When asked Monday whether he was concerned about the anti-Sissi demonstrations, Trump shrugged the suggestion aside.
“Demonstrations? No, everybody has demonstrations,” he told reporters on the sidelines of the U.N. gathering. “Egypt has a great leader. He’s highly respected; he’s brought order. Before he was here, there was very little order. There was chaos. So I’m not worried about that.”
Since Sissi assumed power after a 2013 military coup he engineered, tens of thousands of people have been arrested, with some of them tortured, according to extensive documentation by human rights groups. Last year, Amnesty International said Sissi’s crackdown on journalists and critics had turned Egypt into an “open-air prison.”

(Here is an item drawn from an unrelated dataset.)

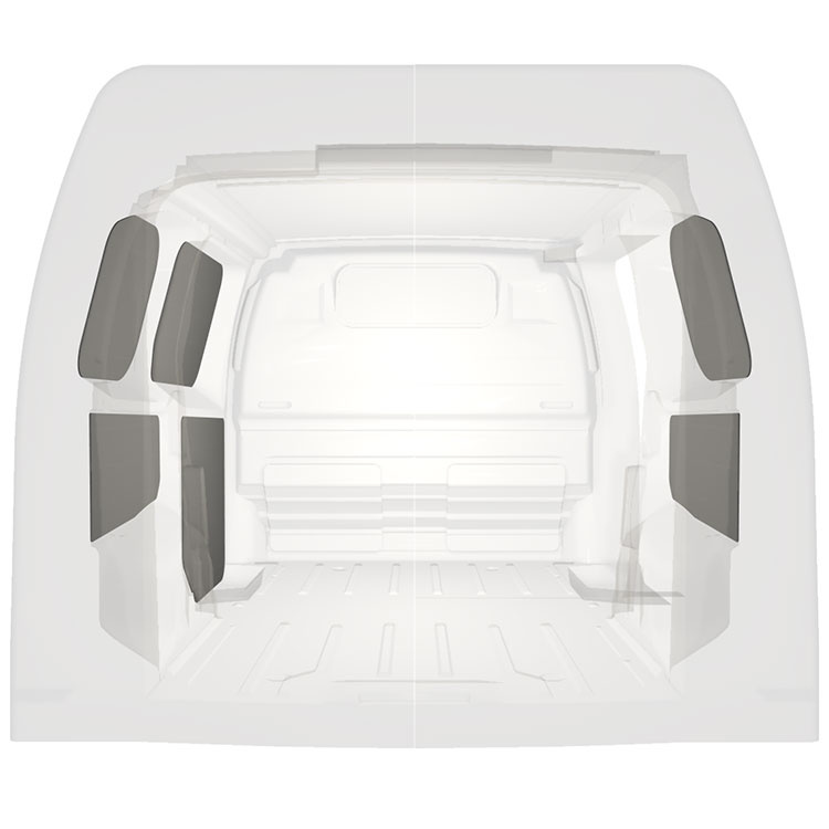 Kevyt sisäseinien paneeliverhous Citroën Jumpy / Peugeot Expert / Toyota ProAce, jossa on sivuovi oikealla. Verhouspaneelimme luovat valoisan ja miellyttävän työympäristön, ja ne on helppo pyyhkiä puhtaaksi.

This month, a group of human rights organizations called on members of the European Union to review allegations of widespread abuse in Egypt, claiming that “human rights violations have increased sharply” in recent years.
But Trump has consistently praised Sissi in public, while apparently celebrating the Egyptian president’s authoritarian rule in private.
The Wall Street Journal reported this month that while waiting for Sissi at the Group of Seven summit in Biarritz, France, in August, Trump was overheard calling out, “Where’s my favorite dictator?”
Trump and Sissi’s meeting Monday came just days after viral videos from a former government contractor alleging Sissi was complicit in a large-scale corruption scandal provoked protests in Egypt. People took to the streets in Cairo and elsewhere Friday, chanting, “Rise up, fear not, Sissi must go.” The protests were relatively small but significant because such concerted public displays against Sissi are rare.
Human rights advocates in Egypt have warned that a crackdown is underway and that the hundreds of protesters detained over the weekend face charges of spreading fake news and belonging to terrorist organizations.
On Monday, New York Times publisher A.G. Sulzberger drew further attention to Trump’s relationship with the Egyptian government. In an op-ed about threats to press freedom worldwide, Sulzberger described a 2017 incident in which a Trump administration official warned the newspaper that Egyptian authorities planned to arrest Declan Walsh, the Times’s bureau chief in Cairo.
The official expressed to the Times that the Trump administration “intended to sit on the information and let the arrest be carried out,” Sulzberger wrote. The official risked their career to inform the newspaper of the threat. Walsh, who is Irish, then sought help from the Irish Embassy to leave Egypt.
Michele Dunne, director of the Middle East program at the Carnegie Endowment for International Peace, said she was concerned that Trump’s recent rhetoric on Egypt could be interpreted as an endorsement of Sissi’s crackdown.
“The United States can’t control what Sissi does or what happens inside of Egypt, but it can control the stance that the U.S. government takes on this,” Dunne said. Washington should explicitly stand up for the right to peacefully protest, she said, in part so “it’s clear that whatever the Egyptians do, they didn’t do with a green light from Washington.”
Dunne said Trump sees Sissi as a strategically important partner in the fight against extremism. But what he fails to see, she said, is that Sissi’s “repression is, in fact, fostering radicalization of Egyptian youth and that human rights abuses have serious negative consequences for the fight against extremism and terrorism.”
Jon Alterman, director of the Middle East program at the Center for Strategic and International Studies, said Trump may be personally drawn to Sissi in part because the Egyptian leader doesn’t shy from confronting his opposition and also likes to align himself with leaders who take the same approach.
“I’m sure President Sissi lavishly praises President Trump, and I’m sure that helps reinforce their relationship,” he said.
Alterman noted that this is a “dangerous moment” for Sissi, given the crisis at home. But he probably sees his preplanned U.N. trip as an opportunity to garner points on the world stage.
Sissi’s U.N. visit “is portrayed in Egypt as a sign that Egypt is one of the most important and powerful countries in the world and that the world wants to meet President Sissi,” Alterman said.